Functionality wrapped in a plugin fragment (source)
Comment 3 Krzysztof Daniel CLA 2011-07-27 03:14:28 EDT
Created attachment 200422 [details]
Deployable fragment for testing

Put this file in dropins folder to test it. You should have an additional view in TCP monitor called "String" which shows properly encoded content.
Comment 4 Krzysztof Daniel CLA 2011-08-01 03:21:18 EDT
Created attachment 200642 [details]
Patch v2
Comment 5 Krzysztof Daniel CLA 2011-08-01 03:27:37 EDT
Created attachment 200643 [details]
Patch v2 as fragment (source)
Comment 6 Krzysztof Daniel CLA 2011-08-01 03:28:02 EDT
Created attachment 200644 [details]
Patch v2 as fragment (binary for testing)
Comment 7 Steven Hung CLA 2011-08-03 14:38:15 EDT
Christopher, your patch looks good, I did some testing with national characters. I have two comments:

1. Is there a reason for the changes in patch v2 to MonitorUIPlugin? The method encodingAwareParse is not referenced anywhere, nor is it hit when a debug breakpoint is added to it. I believe this method could be removed, unless this is a convenience method. If it is a convenience method, then there should be a javadoc to indicate its purpose to avoid confusion.

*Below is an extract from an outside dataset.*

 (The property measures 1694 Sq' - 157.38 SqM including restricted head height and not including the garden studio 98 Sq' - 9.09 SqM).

2. In org.eclipse.wst.internet.monitor.ui.internal.viewers.StringViewer.parseWithEncoding(byte[]), the e.printStackTrace() should be replaced with the logger.
Comment 8 Steven Hung CLA 2011-08-03 14:46:26 EDT
Created attachment 200846 [details]
Patch v1.3 (modifications to Christopher's patch v1.2)

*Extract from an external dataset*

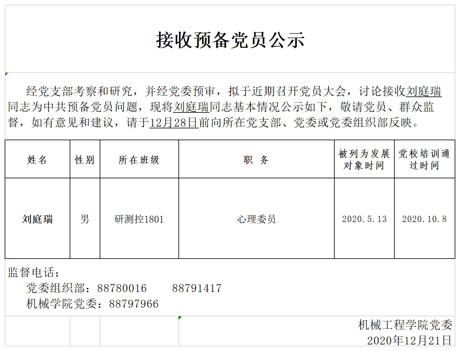 机械学院2020年下半年接收预备党员公示2020年12月21日

A revised patch to the patch Christopher had provided based on my comments from comment #7. 

Tests done:
1. Used the TCP/IP monitor to test national characters. Verified data was garbled in the default "Byte view" and then switched to  "String view" to ensure message was displayed correctly
2. Switched between the two views (Byte and String) 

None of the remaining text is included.